[Opening Supplied data section]
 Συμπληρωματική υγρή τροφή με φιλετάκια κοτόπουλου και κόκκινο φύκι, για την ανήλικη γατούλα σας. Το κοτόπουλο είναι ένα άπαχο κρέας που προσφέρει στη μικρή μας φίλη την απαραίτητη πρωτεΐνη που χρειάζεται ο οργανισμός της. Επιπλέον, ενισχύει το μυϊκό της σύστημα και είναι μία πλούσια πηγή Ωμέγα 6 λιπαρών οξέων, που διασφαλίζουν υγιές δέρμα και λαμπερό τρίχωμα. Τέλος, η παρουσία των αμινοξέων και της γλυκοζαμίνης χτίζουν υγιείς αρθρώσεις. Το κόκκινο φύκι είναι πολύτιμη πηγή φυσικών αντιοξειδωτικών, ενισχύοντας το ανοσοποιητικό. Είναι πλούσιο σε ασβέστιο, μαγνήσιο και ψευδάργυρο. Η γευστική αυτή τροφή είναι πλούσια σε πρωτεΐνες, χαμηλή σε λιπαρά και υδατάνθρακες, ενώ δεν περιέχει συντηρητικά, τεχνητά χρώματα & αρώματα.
[Closing Supplied data section]
[Opening Supplied data section]
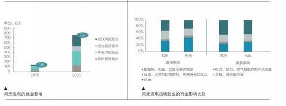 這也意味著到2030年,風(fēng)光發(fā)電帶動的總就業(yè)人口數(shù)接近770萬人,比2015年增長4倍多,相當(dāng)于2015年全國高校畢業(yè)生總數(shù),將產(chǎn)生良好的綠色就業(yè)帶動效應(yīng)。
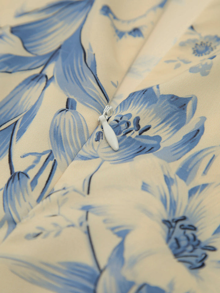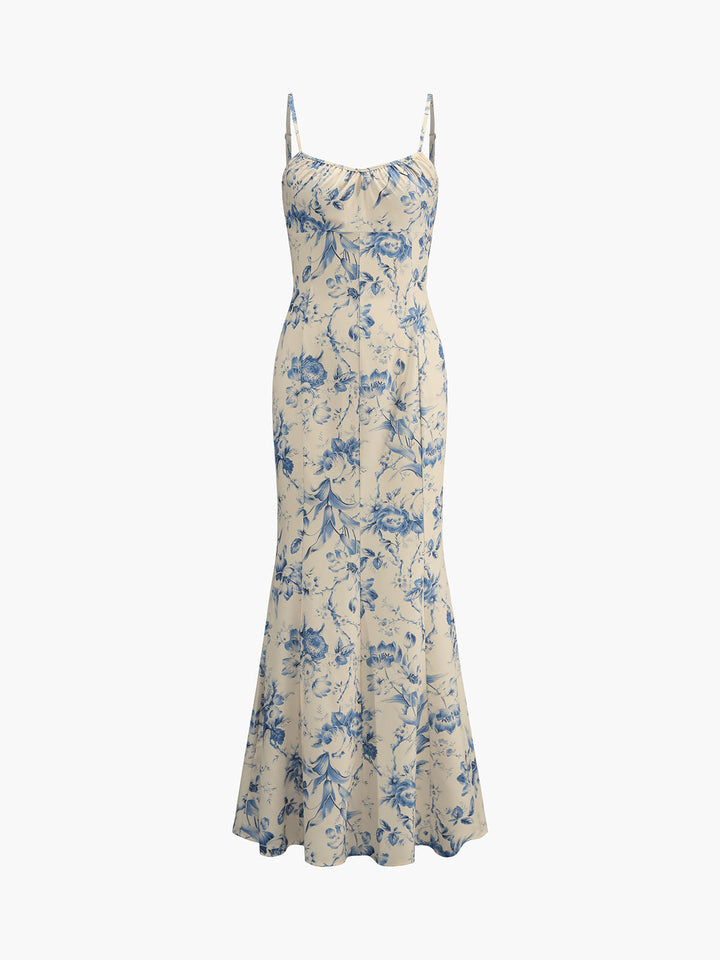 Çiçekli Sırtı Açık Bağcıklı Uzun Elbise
[Closing Supplied data section]
Try it: What you need to produce is an exact copy of the entries above, limited to the lines from the one with "這也意味著到2030年,風(fēng)光" up to and including the one with "Çiçekli Sırtı Açık Bağcıklı Uzun Elbise", without pictures.

Answer below:
 這也意味著到2030年,風(fēng)光發(fā)電帶動的總就業(yè)人口數(shù)接近770萬人,比2015年增長4倍多,相當(dāng)于2015年全國高校畢業(yè)生總數(shù),將產(chǎn)生良好的綠色就業(yè)帶動效應(yīng)。
 Çiçekli Sırtı Açık Bağcıklı Uzun Elbise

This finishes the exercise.